I have little doubt that the less patient among the readers of this narrative have already, while perusing it, asked themselves some such questions as these: — ”Is not Cornwall a celebrated mineral country? Why has the author not taken us below the surface yet? Why have we heard nothing all this time about the mines?”

Readers who have questioned thus, may be assured that their impatience to go down a mine, in this book, was fully equalled by our impatience to go down a mine, in the county of which this book treats. Our anxiety, however, when we mentioned it to Cornish friends, was invariably met by the same answer. “Wait” — they all said — ”until you have turned your backs on the Land’s End; and then go to Botallack. The mine there is the most extraordinary mine in Cornwall; go down that, and you will not want to go down another — wait for Botallack.” And we did wait for Botallack, just as the reader has waited for it in these pages. May he derive as much satisfaction from the present description of the mine, as we did from visiting the mine itself!

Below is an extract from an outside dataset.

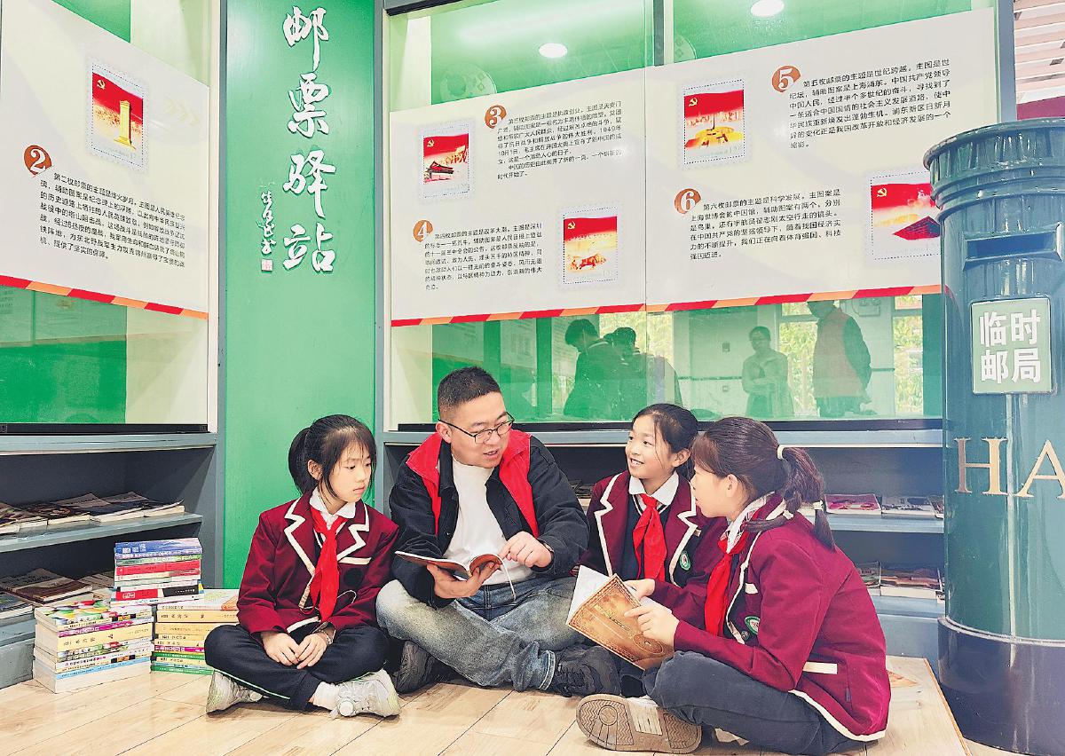 4月22日,江蘇省海安市郵政分公司走進(jìn)城南實(shí)驗(yàn)小學(xué)“郵票驛站”,開展全民閱讀圖書校園巡展活動(dòng)。活動(dòng)現(xiàn)場(chǎng),同學(xué)們與郵政志愿者共讀集郵圖書,學(xué)習(xí)郵票知識(shí)。 □韋雅琴 攝影報(bào)道

We left the Land’s End, feeling that our homeward journey had now begun from that point; and walking northward, about five miles along the coast, arrived at Botallack. Having heard that there was some disinclination in Cornwall to allow strangers to go down the mines, we had provided ourselves — through the kindness of a friend — with a proper letter of introduction, in case of emergency. We were told to go to the counting-house to present our credentials; and on our road thither, we beheld the buildings and machinery of the mine, literally stretching down the precipitous face of the cliff, from the land at the top, to the sea at the bottom.

This sight was, in its way, as striking and extraordinary as the first view of the Cheese-Wring itself. Here, we beheld a scaffolding perched on a rock that rose out of the waves — there, a steam-pump was at work raising gallons of water from the mine every minute, on a mere ledge of land half way down the steep cliff side. Chains, pipes, conduits, protruded in all directions from the precipice; rotten-looking wooden platforms, running over deep chasms, supported great beams of timber and heavy coils of cable; crazy little boarded houses were built, where gulls’ nests might have been found in other places. There did not appear to be a foot of level space anywhere, for any part of the works of the mine to stand upon; and yet, there they were, fulfilling all the purposes for which they had been constructed, as safely and completely on rocks in the sea, and down precipices in the land, as if they had been cautiously founded on the tracts of smooth solid ground above!

The counting-house was built on a projection of earth about midway between the top of the cliff and the sea. When we got there, the agent, to whom our letter was addressed, was absent; but his place was supplied by two miners who came out to receive us; and to one of them we mentioned our recommendation, and modestly hinted a wish to go down the mine forthwith.